It's just goofy. Unless your argument is that any depiction of a witch is antisemitic?
That is actually getting closer to my perspective.
The faces of the victims of persecution seem to blend into these archetypes of despicableness in the mind of the persecutor.
I think that I can see this argument. The modern Halloween type witch - big nose, wears a hat, does magic, wants to do bad things to children . . . that fits with many anti-Jewish stereotypes, and I haven't been able to figure out exactly where that depiction came from. Seems entirely plausible that much of it was cribbed from old anti-Jewish propaganda. It ends up being kind of a chicken and egg thing. Did the witch come from the antisemitic tropes, or did the tropes come from the attempt to associate Jewish people with something bad that already existed.
You need to analyze this from the perspective of the persecutors because that is where the issue originates.
The overlapping characteristics of the victims of the witch crazes and antisemitic violence do not overlap because there are actual a priori overlapping characteristics of the different groups of victims.
The apparent overlap of characteristics is due to these characteristics being projections of the persecutors onto the different groups of victims.
For example, witches and Jews were both accused of practicing black magic. Of course, the practice of black magic is not an overlapping characteristic of the victim groups but reflects only the concern/delusion of the persecutors projected on both groups.
And so it is with other overlapping characteristics.
But if the concern is about depiction of witches in general, why does everyone gets upset about Dahl's work and nobody gets upset about the Wizard of Oz? I feel like the outrage stems not from the depiction, but simply from a desire to make the author's works seem worse than they really are.
While it is certainly in bad taste to use witches, who were typically older single women living at the margins of society when they became victims, as props for anything.
But there are differences between the Wizard of Oz and Dahl´s The Witches.
Basically, The Witches is a full blown conspiracy theory and Dahl only uses the witches as placeholders for Jews. And the man did this intentionally, without a doubt.
The Wizard of Oz is a different matter. Again, it is important to realize that any characteristic attributed to witches and shown in the movie is not a quality pertaining to actual witches, of which there weren´t any ever, but a projection of those persecuting those accused of witchcraft.
Maybe people can make fun of witches today because of the fact that there never was a witch to begin with. In a way, those who perished in the witch crazes were posthumously exonerated via the realization that the crime of witchcraft never existed in the first place.
It is kind of a disassociation of the concept "witch" and the actual victims, allowing people to have fun with the new, fully fictional idea of a witch. I find that disrespectful to the victims, however.

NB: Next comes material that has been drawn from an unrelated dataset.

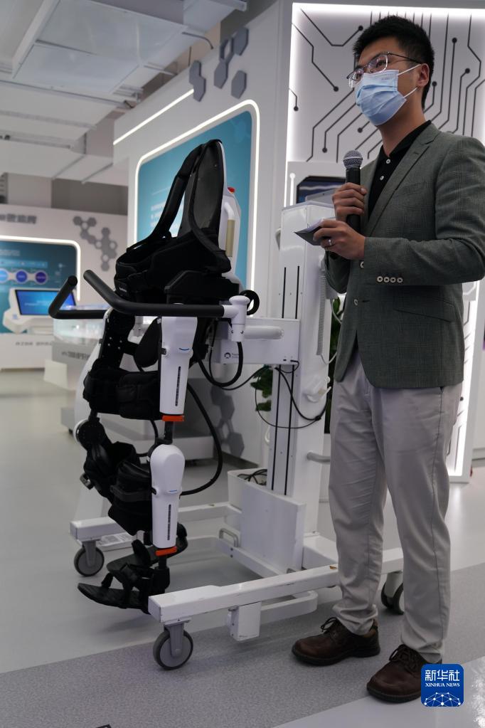 5月11日,在上海城市數字化轉型體驗館“解碼生命”區域,工作人員介紹一款下肢康復機器人。新華社記者 馬寧 攝
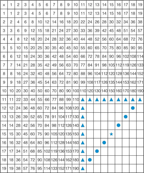 这是一个不完全的19×19段乘法表,请你用这一章学过的简算方法,将此表格补充完整。

In other words, the link between mass murder and the idea of witches has been severed in the mind of many; and even the most disturbing fantasies about witches can become part of popular culture because there aren´t and there never will be any witches in harms way.
The issue with antisemitism is different. Jews were and are persecuted because they are Jews. Of course, modern antisemites do not accuse Jews of practicing black magic, but in contrast to witches who disappeared from the physical world with the end of the belief in black magic (in the West), Jews are still very much around and often in harms way.